- Developer: Climax Development
- Publishers: EU: BBC Multimedia; NA: Vivendi Universal Games;
- Producer: Barry Simpson
- Designer: Mark Davies
- Programmer: Ben Potton
- Artist: Matt Cooper
- Composer: Matt Lightwood
- Platforms: PlayStation 2, Microsoft Windows
- Release: PlayStation 2 EU: 22 November 2001; Windows EU: 23 November 2001; NA: 22 October 2002;
- Genre: Action
- Modes: Single-player, multiplayer

= Robot Wars: Arenas of Destruction =

2001 video game

Robot Wars: Arenas Of Destruction is a 2001 action game published by BBC Multimedia and released for the PlayStation 2 and Microsoft Windows, based on the BBC television series, Robot Wars. It was the first of the company's titles to be released under the "Gamezlab" core brand.
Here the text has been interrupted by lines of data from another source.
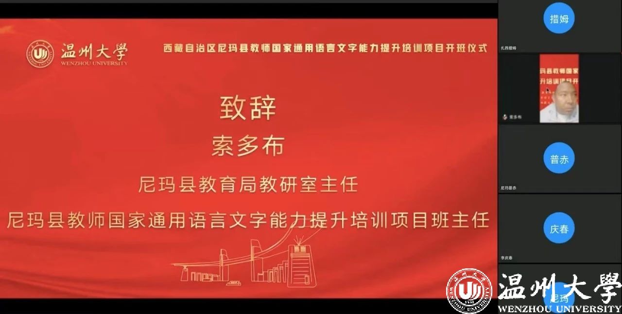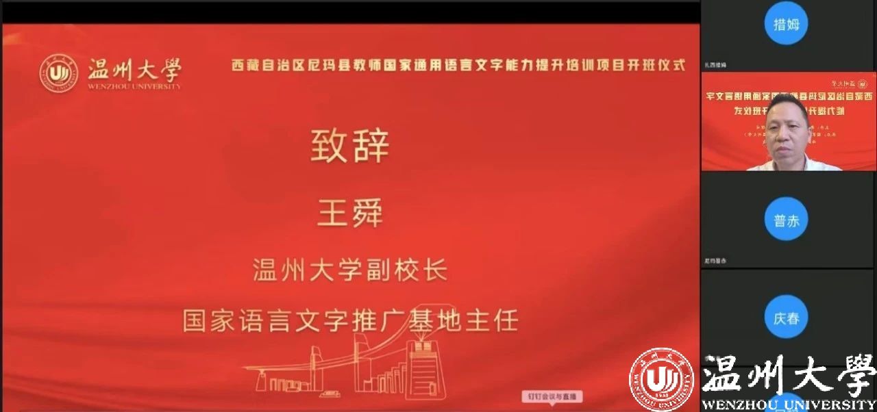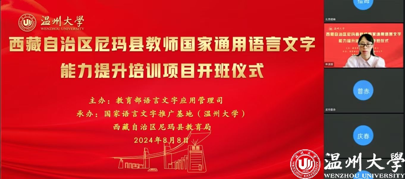 中国教育在线浙江站讯 (编辑 陈显婷 通讯员 温大萱)8月8日上午,由语言文字应用管理司主办,国家语言文字推广基地(开云电子(中国)官方网站_开云电子(中国)官方网站)、西藏自治区尼玛县教育局联合承办的“2024年西藏自治区尼玛县教师国家通用语言文字能力提升培训班”举行了线上开班仪式,国家语言文字推广基地(开云电子(中国)官方网站_开云电子(中国)官方网站)执行主任陈源源教授主持仪式。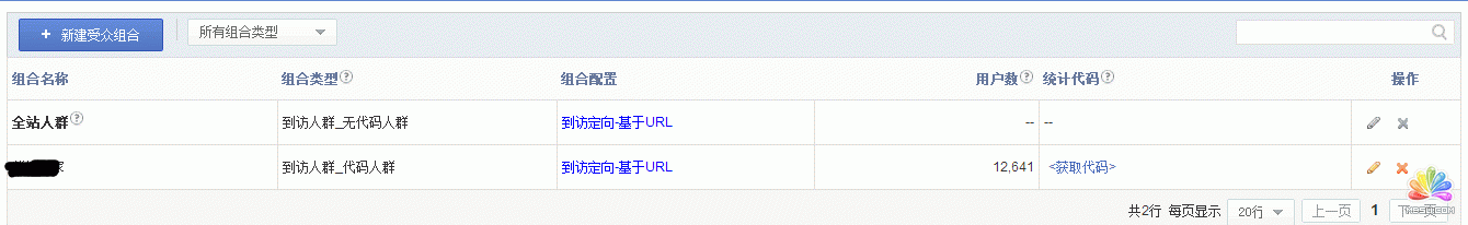 1、使用“受众组合工具”设置“到访人群”,获取相应代码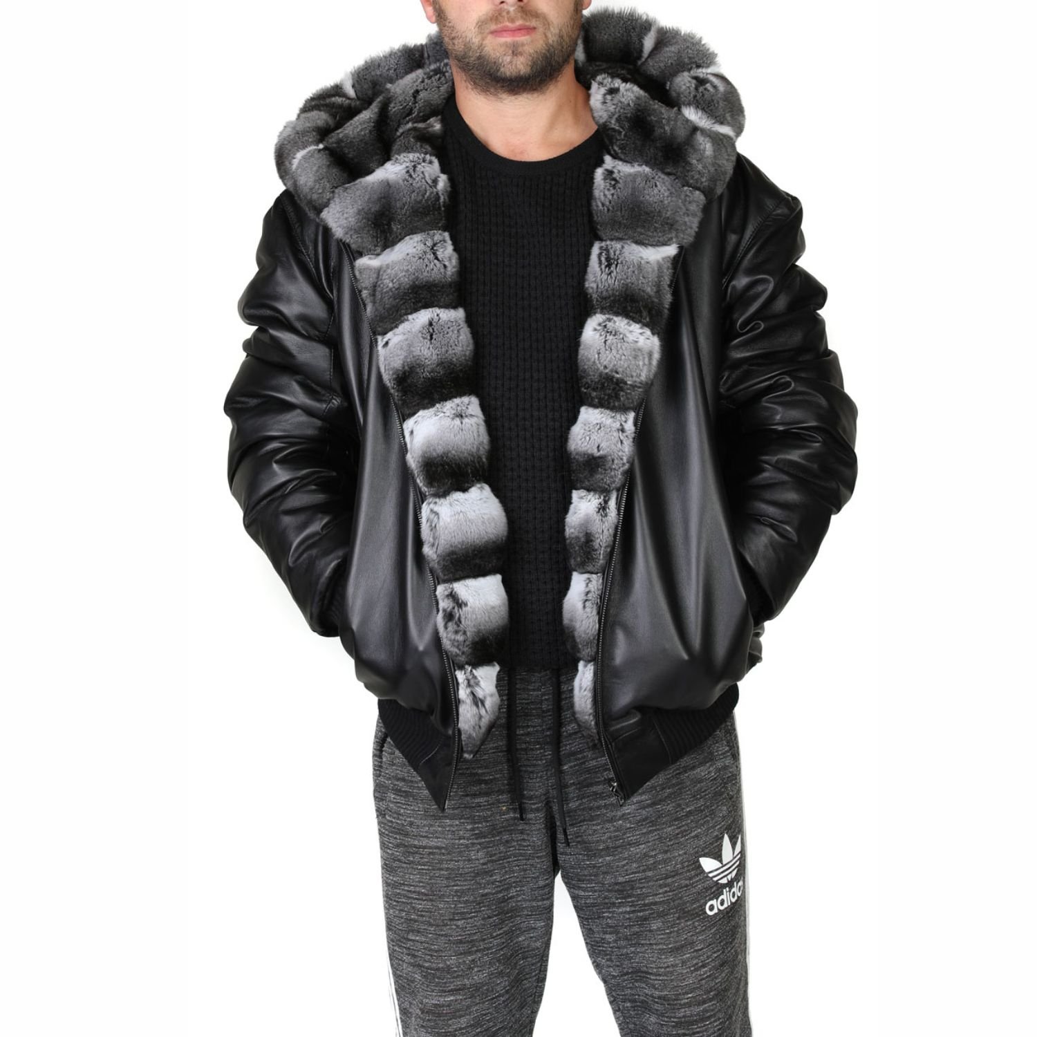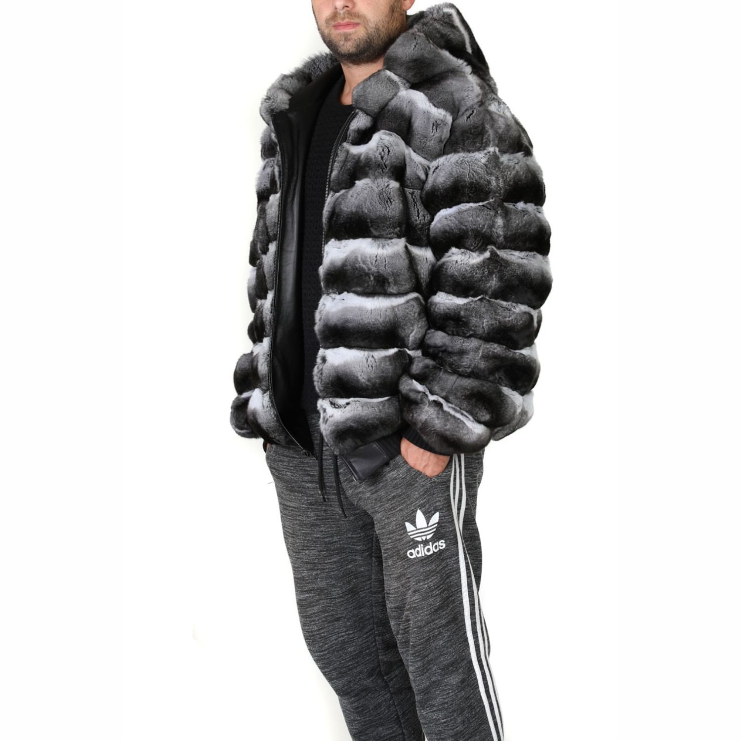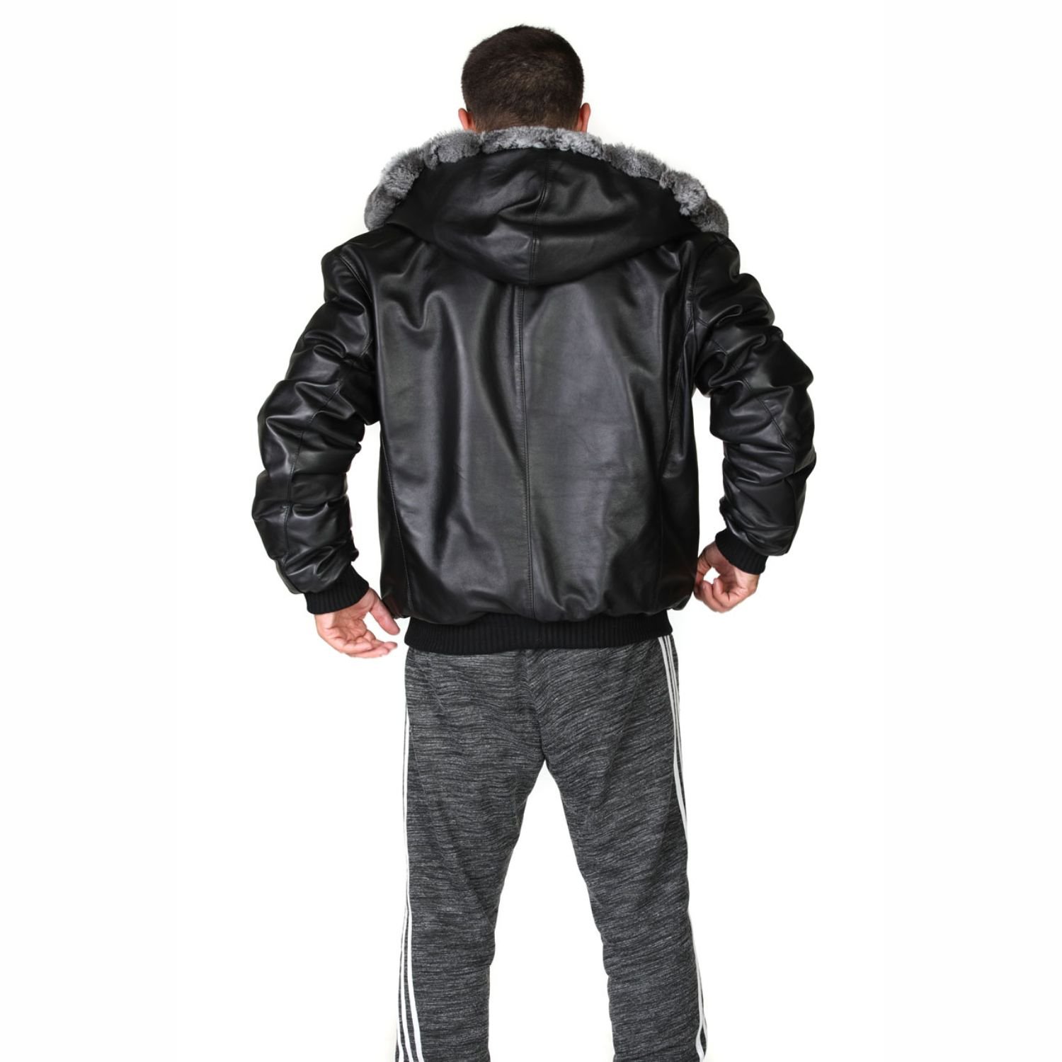 Reversible Hooded Chinchilla Fur Black Leather Bomber Jacket For Winter Season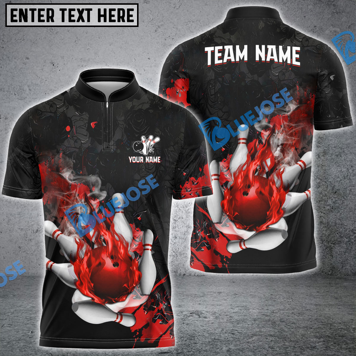 BlueJose Bowling And Pins Fire And Blood Customized Name 3D Shirt (4 Colors)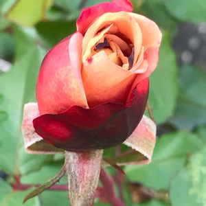 ディスタントドラムス ピンクとオレンジのやわらかな グラデーションのバラさん その外側の鎧のような花びらは とっても深い深い赤 寒い気温の中、咲いてくれてありがとう❤️ ゆっくりと見ていたい素敵なバラさんです🌹 🏷水曜ローズショー参加します♡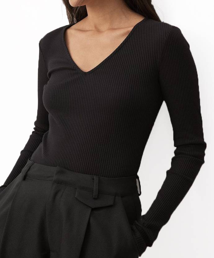 Atiya Fashions Casual Regular Sleeves Solid Women Black Top
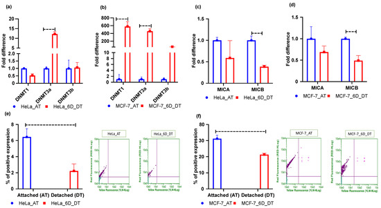 As our results showed increased levels of 5mC, global DNA methylation may also increase. Therefore, we checked the mRNA expression levels of DNMT genes. The results for HeLa and MCF-7 cell lines showed that ECM detachment induced mRNA expression of DNMTs in both cell lines (Figure 3a,b). However, MCF-7 cell lines had more DNMT mRNA induction than HeLa cell line (Figure 3b). Moreover, the innate immune system response by NK cells to counter cancer cell tumors necessitates interaction between NKG2D receptors and MICA/B ligands [25,35,36]. Hence, we performed qRT-PCR to assess MICA/B ligand mRNA expression in the 6 days ECM-detached MCF-7 and HeLa tumor cell lines. Our experimental results showed that MICA/B mRNA expression in MCF-7 and HeLa cell lines was repressed in ECM-detached conditions (Figure 3c,d). However, we also explored surface protein (MICA/B) expression through flow cytometry experiments and this showed that ECM detachment downregulated surface protein expression in both cell lines (Figure 3e,f).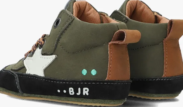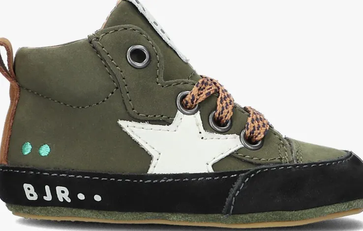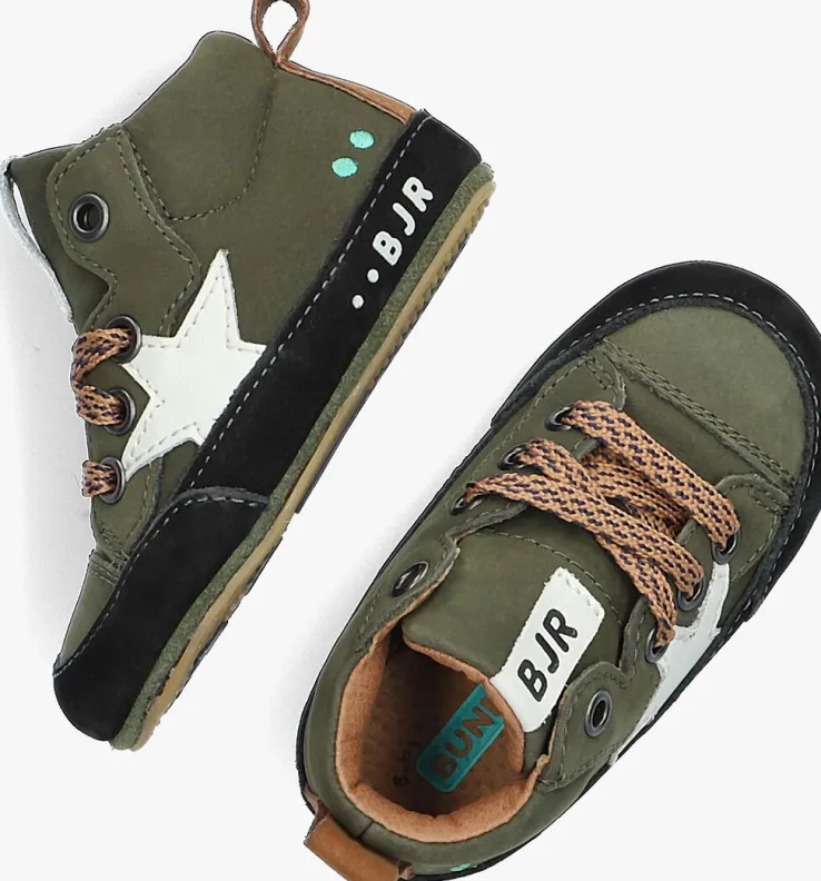 Daar gaat je kleintje, hij of zijzet zijn of haar eerste stapjes of begint te staan! Tijd om nu de allereerste schoentjes uit te zoeken. Naast dat ze er natuurlijk heel leuk uit moeten zien, moeten ze ook flexibel zijn en een goede steun en grip geven. Dit hoge sneaker modelZULKE ZACHT van hetNederlandse merk BunniesJR heeft het allemaal. Ze zien er gaaf uit dankzij de groenelederen buitenkant met opvallende witte ster applicatie aan de zijkant van de schoen en de zwartedetails. Aan de hiel vind je dekenmerkende Bunnies stippen, een textiel hielband en de tong is gesierd met een wit merklabel met zwarte opdruk. Het binnenwerk heeft een lerenvoering met een uitneembaar voetbed. Het rubberen super flexibele zooltje buigt mee met het voetje voor een goede afwikkeling én ontwikkeling van het voetje en heeft een anti-slip profiel. Met deze toffe schoentjes is je kindje helemaal klaar voor deze nieuwe spannende fase!

In this game, players can fight as their own created robots, or leading robots from the series, such as Razer, in arenas around the world in order to earn money to unlock new levels and buy better robots and parts.

==Gameplay==

A battle between Hypno-Disc and Thor in Siberia Military Base

The player begins the game with 2000 credits and a robot called "My First Bot". The player is then advised to sell this robot and buy a new one, with a profit or 1350 credits from the old robot. A range of parts, armor, weapons and extras can be bought at different prices in the shop, or a smaller range at the scrapyard. The games system controls are highly customizable with a wide range of features for the ultimate personal robot experience.

The player fights robots in championships around the world, starting at Robot Wars London studio, in order to gain prize money to unlock new levels. In the later tournaments, they need to pay money in order to go into the tournament.

The House Robots cannot be played as, won, or bought by the player, but can be pitted-against them in a one-to-one training confrontation. The RefBot is not included in this largely-Series 4 based game, but appears in the subsequent title Extreme Destruction.

Craig Charles does not appear in the game, even though he had been the presenter of the series since its second series, but the show's commentator, Jonathan Pearce, provides commentary on statistics of the battle, the information relative to the arena and a description of the robots competing.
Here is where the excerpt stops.